- How to complete this task -
Given the records underneath, please repeat exactly the lines from the line with "Chlorophyll a, chlorophyll" through the line with "Eye-catching pale pink", passing over any picture.

- Available data -
*** Block opens ***

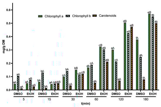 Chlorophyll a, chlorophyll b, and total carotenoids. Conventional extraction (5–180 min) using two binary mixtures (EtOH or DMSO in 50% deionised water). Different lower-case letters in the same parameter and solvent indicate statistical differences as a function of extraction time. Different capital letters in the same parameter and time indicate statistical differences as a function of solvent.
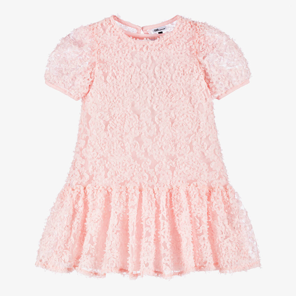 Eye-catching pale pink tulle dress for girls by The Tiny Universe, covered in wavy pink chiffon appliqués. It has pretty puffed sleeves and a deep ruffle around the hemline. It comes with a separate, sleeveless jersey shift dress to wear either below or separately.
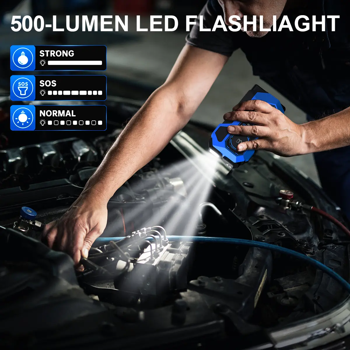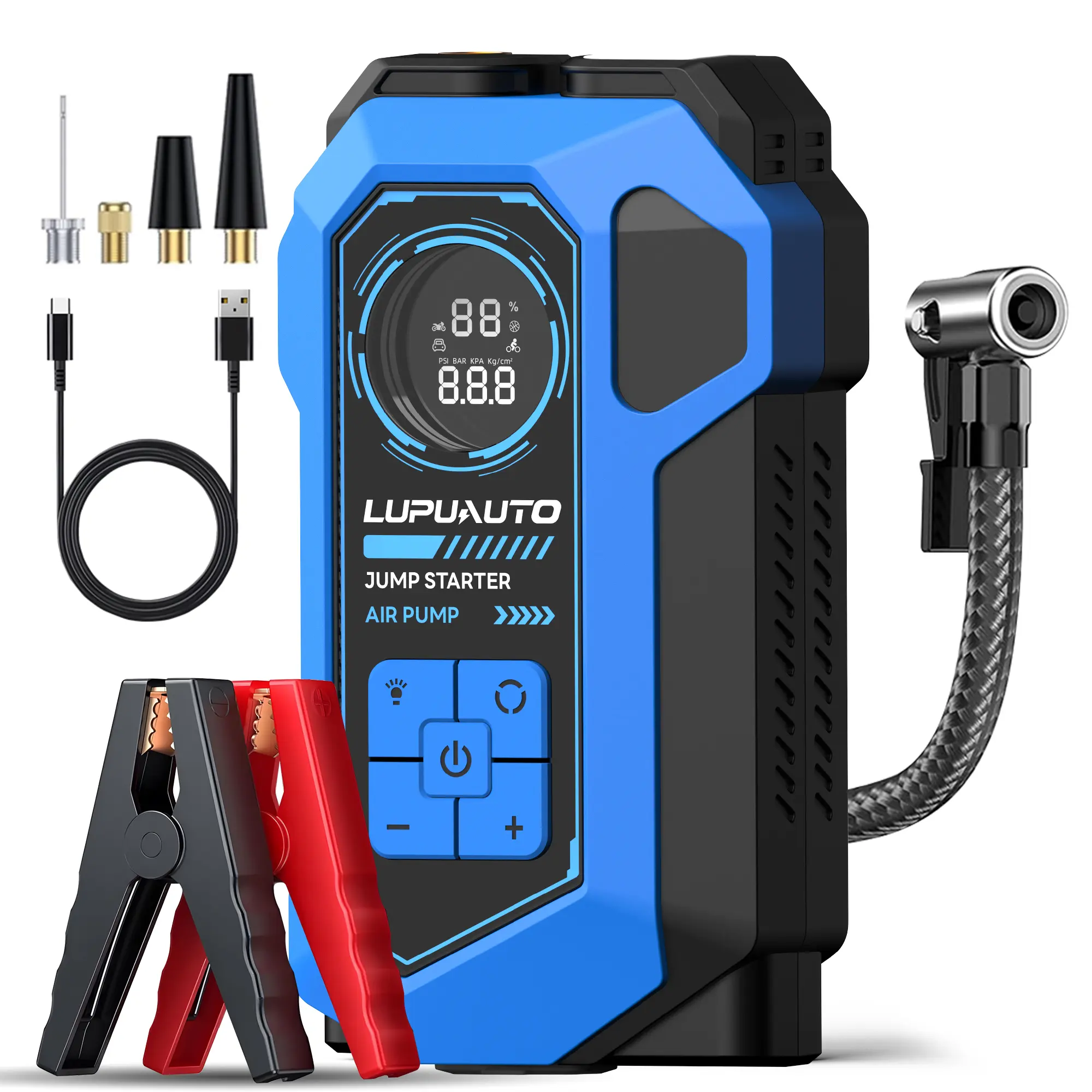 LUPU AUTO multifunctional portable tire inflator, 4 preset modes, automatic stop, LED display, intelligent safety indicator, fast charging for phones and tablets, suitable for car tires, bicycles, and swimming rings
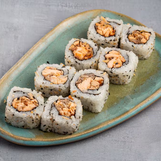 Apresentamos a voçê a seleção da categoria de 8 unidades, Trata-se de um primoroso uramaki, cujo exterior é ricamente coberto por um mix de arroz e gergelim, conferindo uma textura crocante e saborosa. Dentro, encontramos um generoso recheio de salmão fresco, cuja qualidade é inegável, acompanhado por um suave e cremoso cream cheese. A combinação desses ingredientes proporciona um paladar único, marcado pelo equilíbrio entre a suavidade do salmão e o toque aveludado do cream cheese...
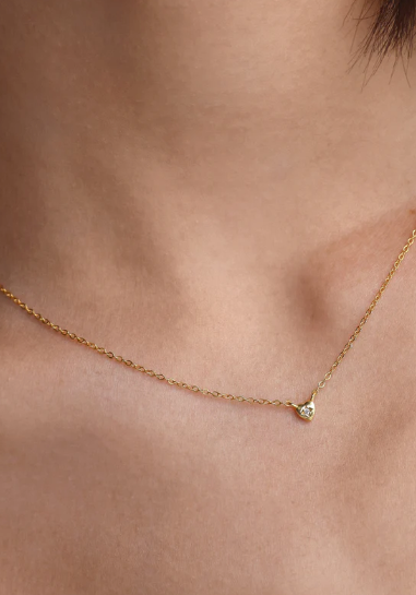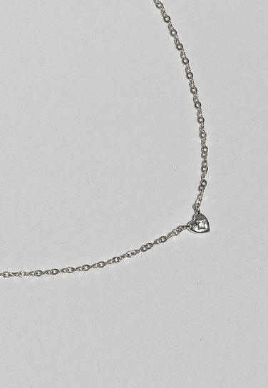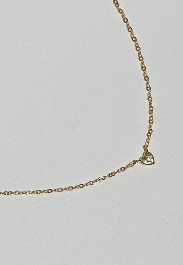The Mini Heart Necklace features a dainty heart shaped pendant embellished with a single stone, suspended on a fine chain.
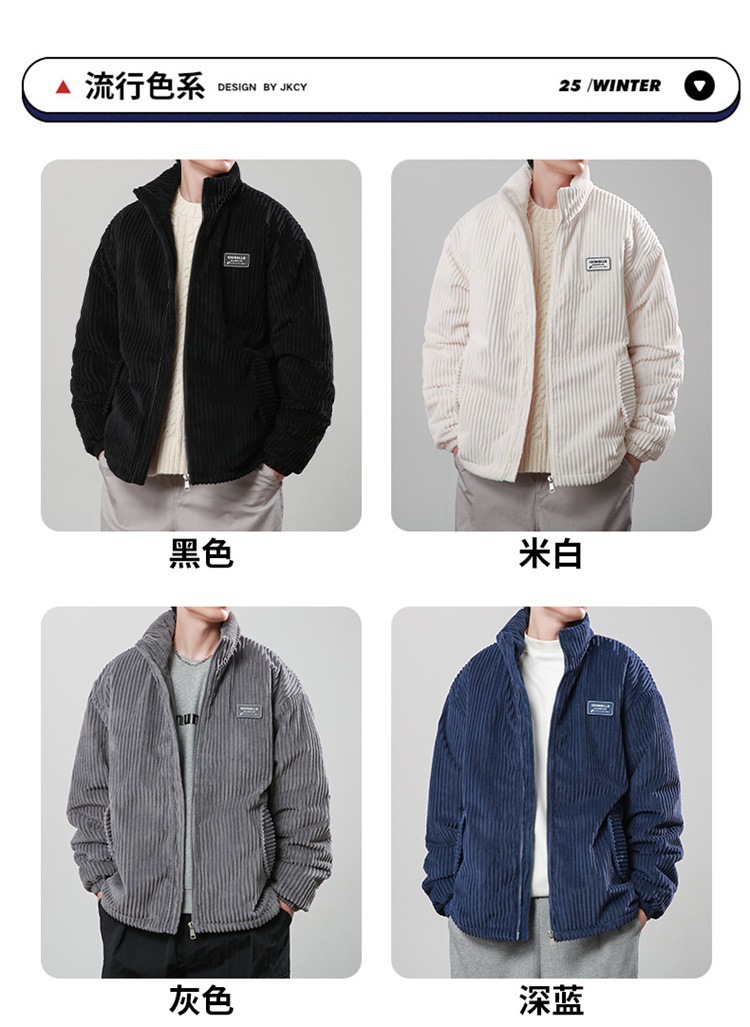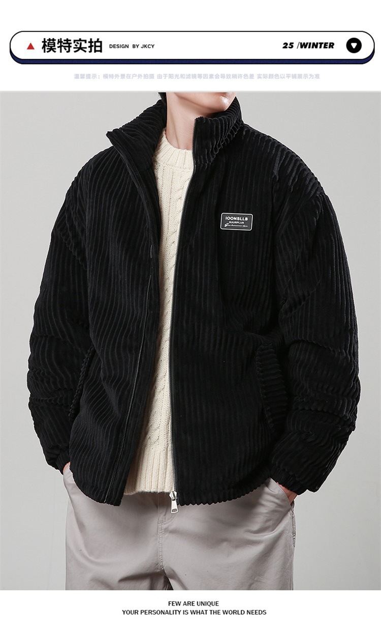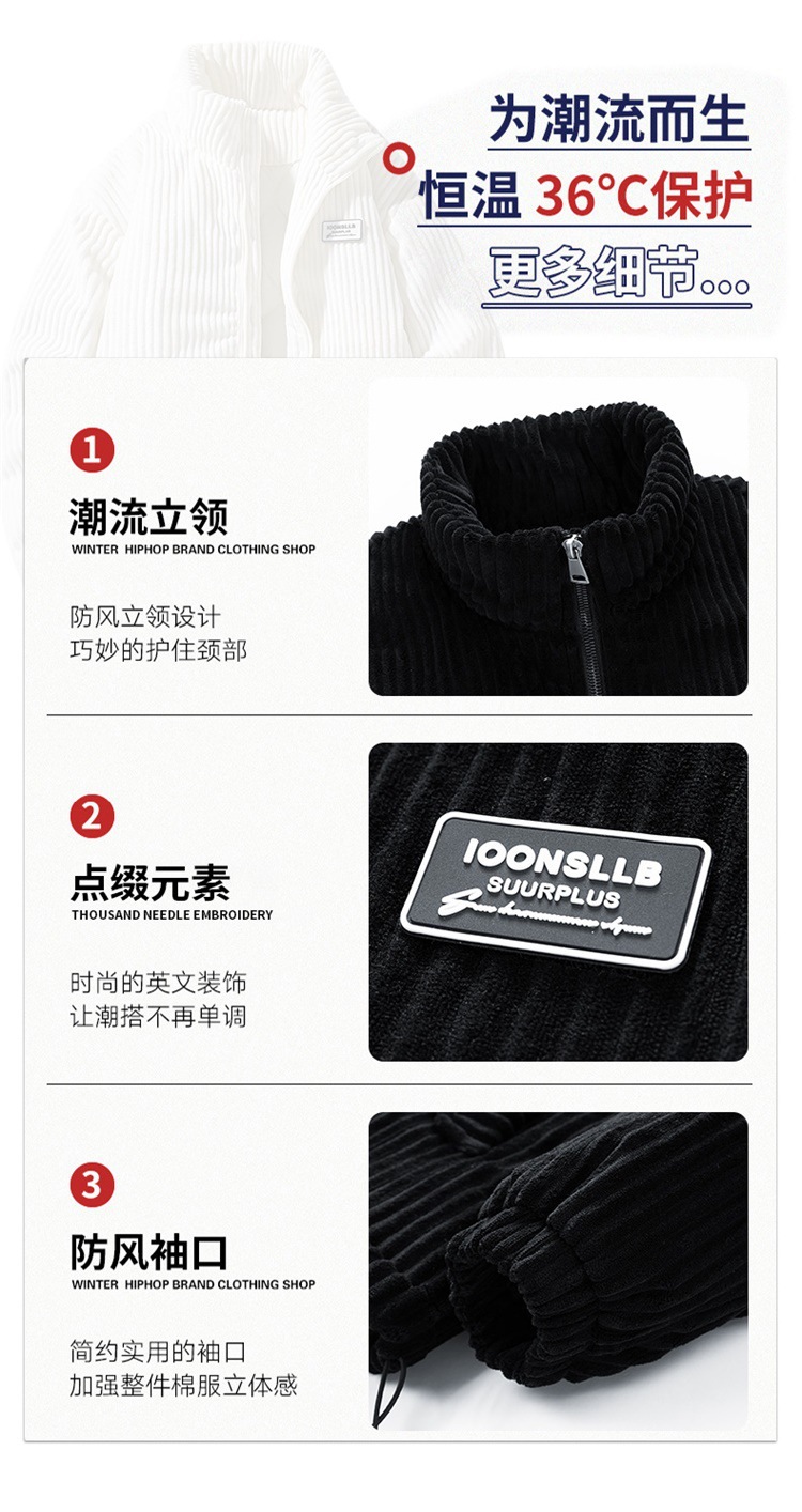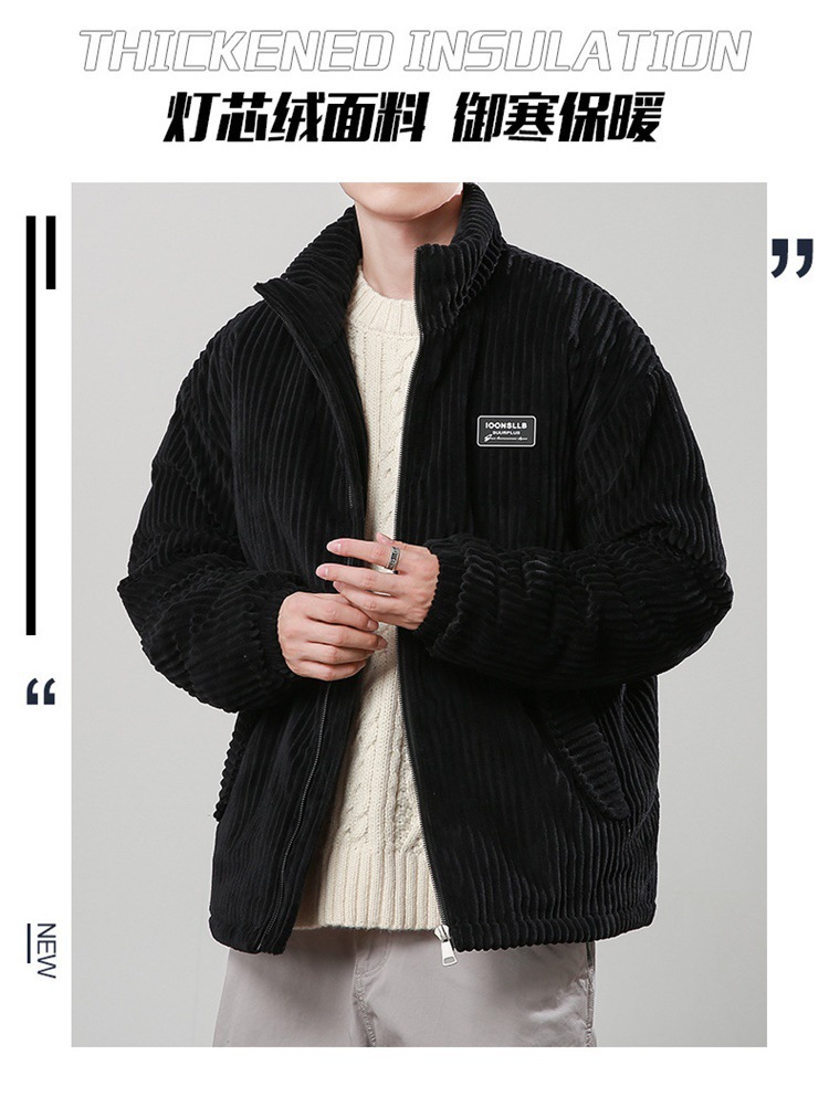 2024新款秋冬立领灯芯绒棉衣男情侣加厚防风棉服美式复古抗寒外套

*** Block closes ***
*** Block opens ***

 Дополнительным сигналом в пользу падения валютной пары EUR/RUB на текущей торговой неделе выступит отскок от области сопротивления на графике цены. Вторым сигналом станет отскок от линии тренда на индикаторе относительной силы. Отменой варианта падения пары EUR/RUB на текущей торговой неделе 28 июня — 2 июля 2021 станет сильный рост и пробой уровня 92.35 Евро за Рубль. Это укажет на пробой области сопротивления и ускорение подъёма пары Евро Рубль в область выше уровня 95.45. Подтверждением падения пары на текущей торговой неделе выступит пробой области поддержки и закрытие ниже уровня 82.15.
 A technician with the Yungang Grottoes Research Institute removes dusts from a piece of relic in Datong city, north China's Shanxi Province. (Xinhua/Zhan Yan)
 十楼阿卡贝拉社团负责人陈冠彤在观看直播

*** Block closes ***

- Response for this exercise -
 Chlorophyll a, chlorophyll b, and total carotenoids. Conventional extraction (5–180 min) using two binary mixtures (EtOH or DMSO in 50% deionised water). Different lower-case letters in the same parameter and solvent indicate statistical differences as a function of extraction time. Different capital letters in the same parameter and time indicate statistical differences as a function of solvent.
 Eye-catching pale pink tulle dress for girls by The Tiny Universe, covered in wavy pink chiffon appliqués. It has pretty puffed sleeves and a deep ruffle around the hemline. It comes with a separate, sleeveless jersey shift dress to wear either below or separately.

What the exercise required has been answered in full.